> Your goal:
Using the listing below, please print exactly the lines from the one with "DanielJUK Posted December" through the one with "紅はるかを使用した濃密な芋餡". Leave out every picture.

> Source material:

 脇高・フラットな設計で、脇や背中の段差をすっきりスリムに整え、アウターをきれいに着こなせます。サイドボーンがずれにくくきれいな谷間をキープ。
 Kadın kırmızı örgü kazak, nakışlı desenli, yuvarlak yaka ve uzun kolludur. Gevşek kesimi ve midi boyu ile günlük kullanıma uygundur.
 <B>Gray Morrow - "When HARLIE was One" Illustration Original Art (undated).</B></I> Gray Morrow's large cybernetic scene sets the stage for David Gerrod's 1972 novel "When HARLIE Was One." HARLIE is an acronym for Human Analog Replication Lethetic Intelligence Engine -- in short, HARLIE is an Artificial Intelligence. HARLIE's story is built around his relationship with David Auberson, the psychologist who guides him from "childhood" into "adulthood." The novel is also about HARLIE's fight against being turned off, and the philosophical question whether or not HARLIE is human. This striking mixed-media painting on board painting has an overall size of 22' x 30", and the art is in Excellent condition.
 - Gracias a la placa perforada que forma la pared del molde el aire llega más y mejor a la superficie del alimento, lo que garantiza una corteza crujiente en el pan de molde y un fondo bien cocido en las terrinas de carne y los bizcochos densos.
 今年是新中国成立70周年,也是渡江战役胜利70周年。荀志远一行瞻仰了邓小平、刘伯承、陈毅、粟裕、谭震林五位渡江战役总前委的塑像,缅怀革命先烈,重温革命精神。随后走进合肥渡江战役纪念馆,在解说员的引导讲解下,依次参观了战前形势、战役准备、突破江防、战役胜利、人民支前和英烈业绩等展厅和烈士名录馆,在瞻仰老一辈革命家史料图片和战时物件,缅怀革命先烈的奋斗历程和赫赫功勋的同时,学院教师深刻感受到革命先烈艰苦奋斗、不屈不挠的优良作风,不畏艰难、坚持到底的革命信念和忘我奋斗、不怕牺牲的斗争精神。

---

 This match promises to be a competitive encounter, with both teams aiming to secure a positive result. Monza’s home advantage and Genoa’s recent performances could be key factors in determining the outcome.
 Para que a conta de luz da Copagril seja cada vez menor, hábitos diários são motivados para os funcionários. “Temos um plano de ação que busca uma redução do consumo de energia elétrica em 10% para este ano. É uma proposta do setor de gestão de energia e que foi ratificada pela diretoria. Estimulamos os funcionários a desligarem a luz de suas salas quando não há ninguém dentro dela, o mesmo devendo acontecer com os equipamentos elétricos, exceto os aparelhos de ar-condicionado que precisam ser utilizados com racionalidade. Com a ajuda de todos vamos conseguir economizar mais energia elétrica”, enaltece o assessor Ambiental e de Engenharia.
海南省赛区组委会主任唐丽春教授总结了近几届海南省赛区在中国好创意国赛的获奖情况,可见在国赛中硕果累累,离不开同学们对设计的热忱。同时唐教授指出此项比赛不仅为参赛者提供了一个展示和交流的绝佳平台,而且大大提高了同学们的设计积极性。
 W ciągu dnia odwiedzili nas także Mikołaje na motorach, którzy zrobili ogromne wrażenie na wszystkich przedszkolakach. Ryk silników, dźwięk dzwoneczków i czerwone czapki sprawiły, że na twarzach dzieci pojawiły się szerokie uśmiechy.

* * *

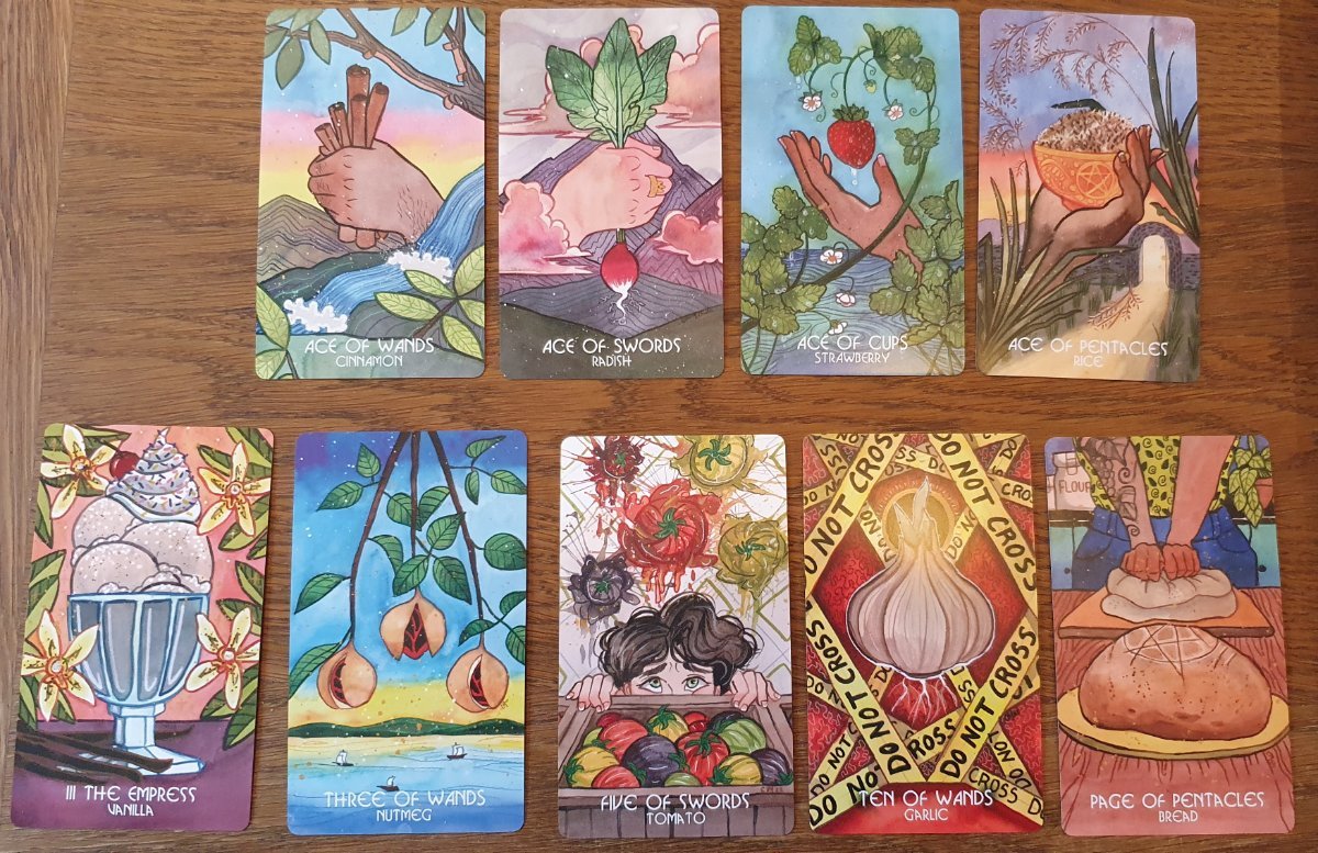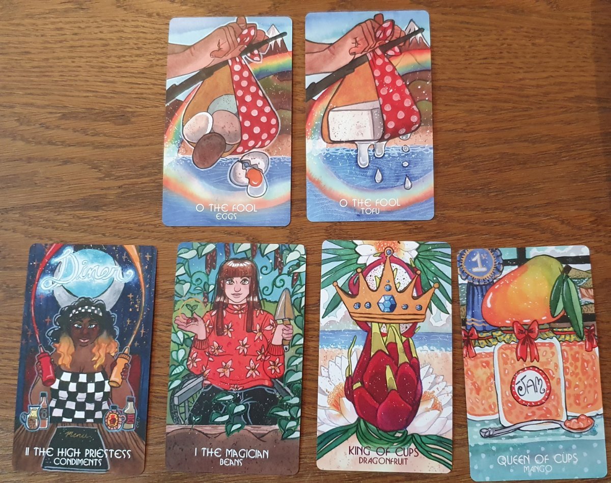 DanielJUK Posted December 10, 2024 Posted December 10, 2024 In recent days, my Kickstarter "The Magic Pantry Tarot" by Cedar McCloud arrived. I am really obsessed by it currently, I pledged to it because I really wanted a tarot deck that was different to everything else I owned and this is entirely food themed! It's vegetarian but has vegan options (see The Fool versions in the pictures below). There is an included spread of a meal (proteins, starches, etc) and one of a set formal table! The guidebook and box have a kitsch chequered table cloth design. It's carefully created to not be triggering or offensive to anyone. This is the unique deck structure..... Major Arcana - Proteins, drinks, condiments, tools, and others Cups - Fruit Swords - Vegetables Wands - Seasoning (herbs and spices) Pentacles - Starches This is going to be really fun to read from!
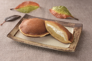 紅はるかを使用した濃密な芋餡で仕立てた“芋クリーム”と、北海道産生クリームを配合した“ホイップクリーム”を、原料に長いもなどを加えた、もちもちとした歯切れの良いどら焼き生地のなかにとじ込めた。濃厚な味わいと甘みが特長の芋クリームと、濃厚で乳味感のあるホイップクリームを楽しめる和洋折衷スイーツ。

> Output for this exercise:
 DanielJUK Posted December 10, 2024 Posted December 10, 2024 In recent days, my Kickstarter "The Magic Pantry Tarot" by Cedar McCloud arrived. I am really obsessed by it currently, I pledged to it because I really wanted a tarot deck that was different to everything else I owned and this is entirely food themed! It's vegetarian but has vegan options (see The Fool versions in the pictures below). There is an included spread of a meal (proteins, starches, etc) and one of a set formal table! The guidebook and box have a kitsch chequered table cloth design. It's carefully created to not be triggering or offensive to anyone. This is the unique deck structure..... Major Arcana - Proteins, drinks, condiments, tools, and others Cups - Fruit Swords - Vegetables Wands - Seasoning (herbs and spices) Pentacles - Starches This is going to be really fun to read from!
 紅はるかを使用した濃密な芋餡で仕立てた“芋クリーム”と、北海道産生クリームを配合した“ホイップクリーム”を、原料に長いもなどを加えた、もちもちとした歯切れの良いどら焼き生地のなかにとじ込めた。濃厚な味わいと甘みが特長の芋クリームと、濃厚で乳味感のあるホイップクリームを楽しめる和洋折衷スイーツ。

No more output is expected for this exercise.